In the wake of the nation’s #MeToo movement, Maryland now joins the ranks of other states, such as Illinois and New York, that have adopted stricter sexual harassment policies.  Maryland’s law is officially titled, “Disclosing Sexual Harassment in the Workplace Act of 2018” and is set to take effect on October 1, 2018.

The Act first declares void against State public policy any provision in an employment contract or policy that requires an employee to waive any right or remedy for any future claim of (1) sexual harassment, or (2) retaliation for reporting or asserting a right or remedy based on sexual harassment.  Any employer that enforces or attempts to enforce such a provision against an employee may be liable for the employee’s reasonable attorneys’ fees and costs. This Act applies to all employment contracts and policies that are executed, extended or renewed on or after October 1, 2018.

Second, the Act places certain reporting requirements on employers with 50 or more employees.  On or before July 1, 2020, and again on July 1, 2022, employers will be required to submit a survey to the Maryland Commission of Civil Rights that details the following information:

  1. the number of settlements made by or on behalf of the employer after an allegation of sexual harassment by an employee;

  2. the number of times the employer has paid a settlement to resolve a sexual harassment allegation against the same employee over the past 10 years of employment; and

  3. the number of settlements made after an allegation of sexual harassment that included a provision requiring both parties to keep the terms of the settlement confidential.

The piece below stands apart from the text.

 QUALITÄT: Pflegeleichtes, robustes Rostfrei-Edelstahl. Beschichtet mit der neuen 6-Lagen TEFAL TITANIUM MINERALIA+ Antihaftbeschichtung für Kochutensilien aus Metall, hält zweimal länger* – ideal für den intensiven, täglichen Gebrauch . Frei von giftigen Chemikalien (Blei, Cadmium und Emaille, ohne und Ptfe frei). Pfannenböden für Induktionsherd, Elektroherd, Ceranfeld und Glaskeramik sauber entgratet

The Maryland Commission of Civil Rights is responsible for collecting this information and will then provide public access to it by posting the aggregate number of responses from each employer on the Commission’s website.  While the employer names will be accessible, the names of any alleged harassers and victims will not be posted. In addition to making the survey information public, the Commission will also review a random selection of surveys submitted for the purpose of creating an executive summary for submission to the Governor, the Senate Finance Committee and House Economic Matters Committee.

Prior to October 1, 2018, all employers should consider reviewing their current sexual harassment policies and procedures, specifically revising employment contracts and policies if necessary to ensure compliance with this Act. In addition, for those subject to the reporting requirements, those employers should ensure they have a system in place to track and compile the information required for submission to the Maryland Commission of Civil Rights, noting that the survey will require data from 2010 going forward up through 7/1/2022.